Large magnetoelectric effects mediated by electric-field-driven nanoscale phase transformations in sputtered (nanoparticulate) and electrochemically dealloyed (nanoporous) Fe–Cu films

Large magnetoelectric effects are observed in as-sputtered (nanoparticulate-like) and electrochemically dealloyed (nanoporous) 200 nm thick Fe–Cu films. Application of positive voltages decreases both the saturation magnetization (M(S)) and coercivity (H(C)) of the films, while negative voltages cause the reverse effect (increase of M(S) and H(C)). The relative variations are as high as 20% for M(S) and beyond 100% for H(C), both for the as-sputtered and dealloyed states. These changes in magnetic properties are caused by controlled and reversible electric-field-driven nanoscale phase transformations between face-centered cubic (fcc) and body-centered cubic (bcc) structures.
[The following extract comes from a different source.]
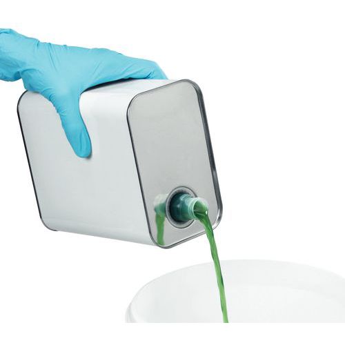 Conteúdo em segurança graças à tampa de rosca inviolável. Ferro eletrolítico, exterior de cor branca, interior bruto. Tampão utilizável no bico de descarga (puxando e desenroscando). Fabricado na UE
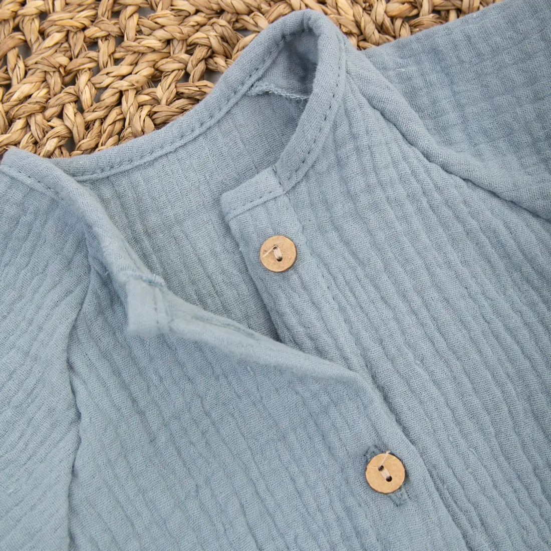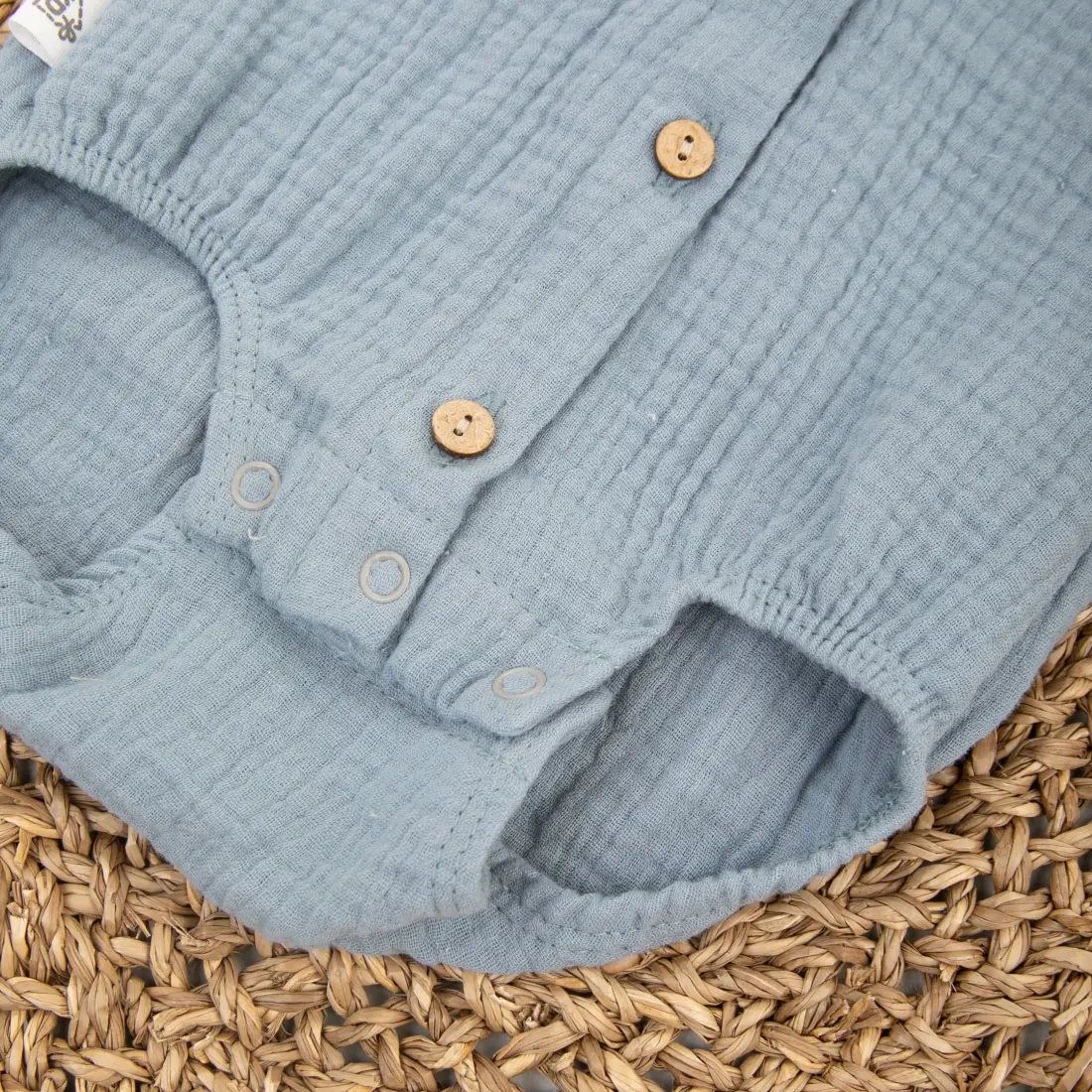 Летний хлопковый боди с короткими рукавами и пуговицами спереди идеально подходит для жаркой погоды. Благодаря трём кнопкам внизу, его удобно использовать для смены подгузника. 100 % хлопок (муслин) обеспечит комфорт и воздухопроницаемость.

These phase transitions are in turn due to selective redox reactions induced by the applied voltage, which can be regarded as a “magnetoionic effect.” The controlled tuning of H(C) and M(S) with the moderate values of applied voltage, together with the sustainable composition of the investigated alloys (not containing noble metals, as opposed to many previous works on magnetoelectric effects in thin films), pave the way towards the implementation of magnetic and spintronic devices with enhanced energy efficiency and functionalities.